Bisogna dire che l'uscita di D'Alema non costituisce proprio un fulmine a ciel sereno: con la sua famosa passeggiata di Beirut a braccetto di un esponente di Hezbollah durante la guerra del Libano aveva indicato chiaramente a chi vanno le sue simpatie in quella parte del mondo; le sue continue punture di spillo nei confronti di Israele lo hanno già messo più volte in rotta di collisione con la comunità ebraica italiana; e, nei giorni scorsi, sia lui, sia - un po' a sorpresa - Piero Fassino, avevano espresso riserve sulla opportunità di incardinare il processo di pace esclusivamente sul presidente Abu Mazen e su Fatah, cercando di isolare Hamas e il suo «feudo» di Gaza. Per questo, Fassino era stato anche attaccato da Piero Ostellino sul Corriere della Sera, cui ha ritenuto dovere rispondere con un articolo piuttosto capzioso che il quotidiano milanese gli ha tuttavia doverosamente pubblicato in prima pagina.

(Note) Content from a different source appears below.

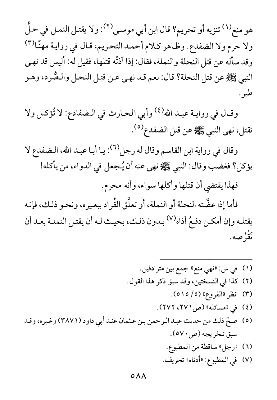 هو منع (¬١) تنزيه أو تحريم؟ قال ابن أبي موسى (¬٢): ولا يقتل النمل في حلٍّ ولا حرم ولا الضفدع. وظاهر كلام أحمد التحريم، قال في رواية مهنّا (¬٣) وقد سأله عن قتل النحلة والنملة، فقال: إذا آذتْه قتلها، فقيل له: أليس قد نهى النبي - صلى الله عليه وسلم - عن قتل النحلة؟ قال: نعم قد نهى عن قتل النحل والصُّرد، وهو طير.

Solo con le parole di lunedì, tuttavia, il nostro ministro degli Esteri ha varcato il Rubicone. Se esse rappresentano la nuova linea italiana, significa che: 1) primi assoluti al mondo, rinneghiamo la linea ufficiale adottata concordemente da Usa, Ue, Russia e Onu, che nessun rapporto deve essere intrattenuto con Hamas fino a quando non rinuncia alla violenza, riconosce formalmente Israele e accetta tutti gli accordi già conclusi tra lo Stato ebraico e l'Anp; 2) che ci dissociamo dalla iniziativa appena lanciata da Bush di una Conferenza di pace comprendente Israele, il legittimo governo palestinese, la Giordania, l'Egitto e l'Arabia Saudita, ma con l'esclusione di Hamas; 3) che facciamo finta di ignorare che Hamas si è impadronita di Gaza con un sanguinoso golpe, e perciò si è messa da sola fuori legge pur avendo vinto le elezioni; 4) che, infine, vogliamo andare contro anche gli altri Paesi arabi, oggi tutti concordi nel ritenere che Hamas rappresenta un pericolo per la stabilità della regione che va isolata con un cordone sanitario.
Per completare l'opera, D'Alema non propone neppure una alternativa valida (forse perché non ce ne sono).